● **DATA LISTING**
◆ ◆ ◆ ◆ ◆

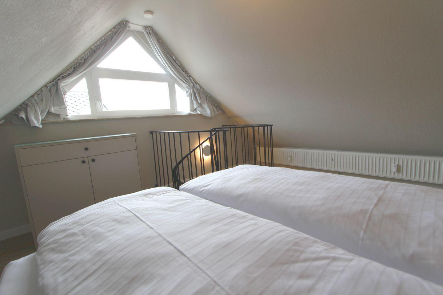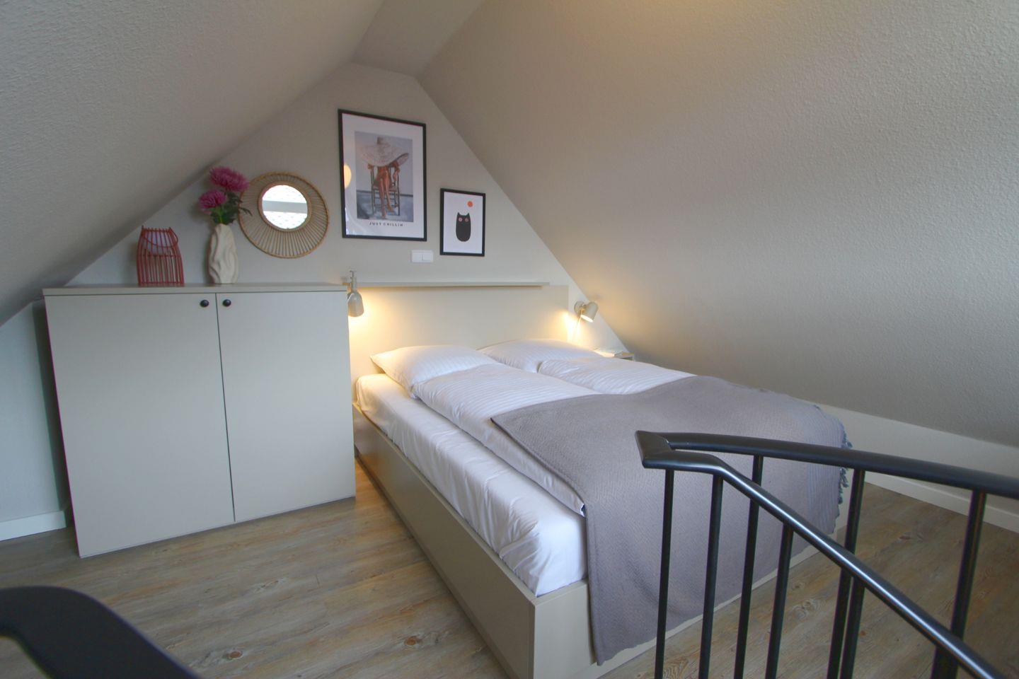 Der Schlafraum befindet sich im Dachgeschoss und bietet sowohl ein komfortables Doppelbett als auch geräumige Einbau-Schränke, in denen Sie Platz für das Reisegepäck finden. Die Wendeltreppe ins Dachgeschoss ist sehr eng!
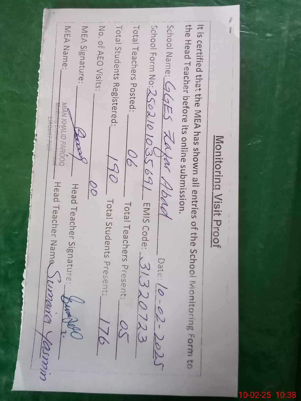 | EMIS Code: 31320723 | Name of School: GGES ZAFAR ABAD | |||
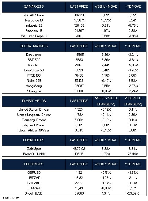 Markets recovered some recent losses, with the FTSE/JSE All Share ending the holiday-shortened week 3.9% higher, buoyed by resource counters. The rand also firmed, gaining over 1% to close at R16.92/$.
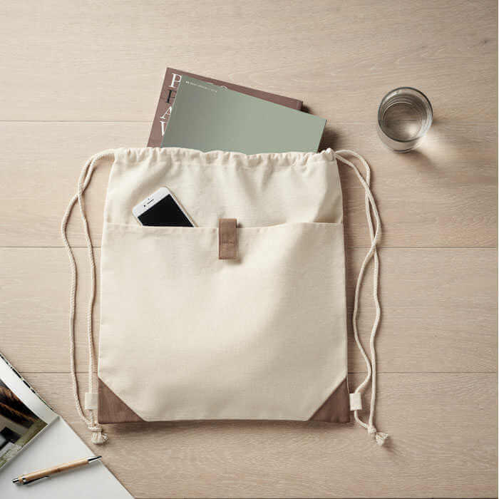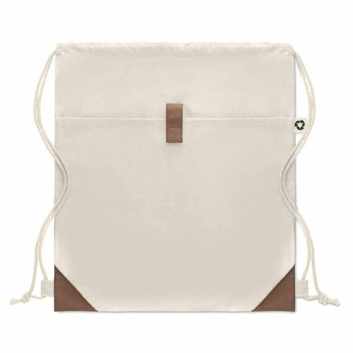 Stahovací taška vyrobená z recyklované bavlny s přírodními šňůrkami. Gramáž 220 gr/m². Šňůrkové tašky se skvěle hodí pro každodenní použití k přenášení věcí do práce, do školy nebo do tělocvičny. Tato taška má kontrastní rohy, které působí jako zajímavý designový prvek. Obsahuje 50 % bavlny a 50 % recyklované bavlny. Hmotnostní limit pro nošení 2,5 kg.
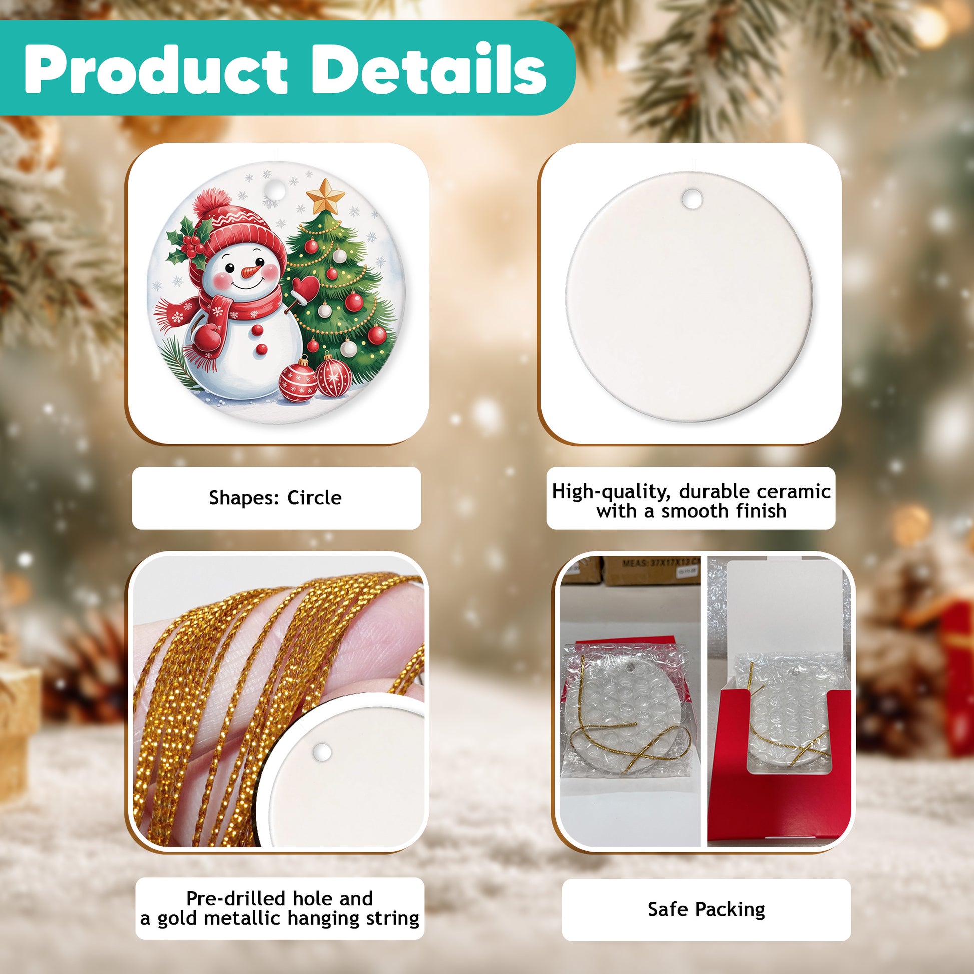 HIGH-QUALITY CERAMIC: Crafted from durable ceramic with a smooth finish, this ornament measures about 3.3 x 3.3 inches—perfect for display or gifting. The advanced printing delivers bright, crisp, high-definition designs that resist fading, offering a more elegant look compared to wooden decorations.

◆ ◆ ◆ ◆ ◆

● **TASK**
Reproduce exactly the lines of the entries above from the first through the line with "Stahovací taška vyrobená", both included; pictures should not be reproduced.

● **RESPONSE TO THIS TASK**
 Der Schlafraum befindet sich im Dachgeschoss und bietet sowohl ein komfortables Doppelbett als auch geräumige Einbau-Schränke, in denen Sie Platz für das Reisegepäck finden. Die Wendeltreppe ins Dachgeschoss ist sehr eng!
 | EMIS Code: 31320723 | Name of School: GGES ZAFAR ABAD | |||
 Markets recovered some recent losses, with the FTSE/JSE All Share ending the holiday-shortened week 3.9% higher, buoyed by resource counters. The rand also firmed, gaining over 1% to close at R16.92/$.
 Stahovací taška vyrobená z recyklované bavlny s přírodními šňůrkami. Gramáž 220 gr/m². Šňůrkové tašky se skvěle hodí pro každodenní použití k přenášení věcí do práce, do školy nebo do tělocvičny. Tato taška má kontrastní rohy, které působí jako zajímavý designový prvek. Obsahuje 50 % bavlny a 50 % recyklované bavlny. Hmotnostní limit pro nošení 2,5 kg.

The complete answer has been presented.